The feelin’ of an apocalypse happenin’, but nothin’ is awkward
The feelin’ won’t prosper
The feelin’ is toxic
— Kendrick Lamar, FEEL.

It feels like we are on the brink of something. Something catastrophic. Something irreversible. Something so tragic, we'll never heal from it. At least not for a while. I spent a month wearing all black. Mourning. The death of the American dream had come. However this is not quite the end. There's more to our story. Our ancestors made it through. We are just on the brink of a new American reality. A new Global reality. What will it look like? I don't quite know.
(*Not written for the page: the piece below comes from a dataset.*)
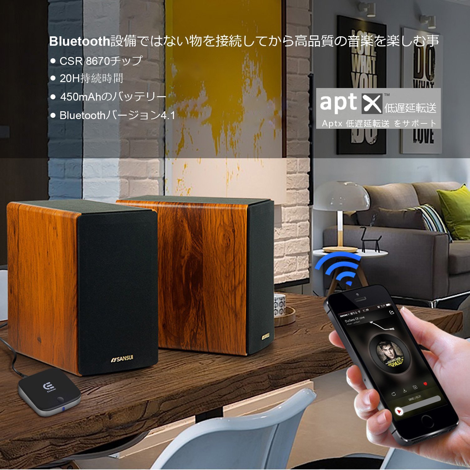 Since it adopts the latest CSR 8670 chipset, it also supports the aptX codec, so you can enjoy high sound quality.

But the world as we've known it is gone. 

As I watched Harriet Tubman return from the invisible and appear on "Underground" in the episode Minty, she left us a message to get ready for what's to come.

You gotta’ pray another prayer, and you gotta’ walk in it with your convictions. He will provide, but you gotta’ do your part. You gotta’ find what it means for you to be a soldier. Beat back those that are trying to kill everything good and right in the world, and calling it making it great again. We can’t afford to be just citizens in a time of war. That’ll be surrender. That’d be giving up our souls.

Ain’t nobody get to sit this one out, you hear me.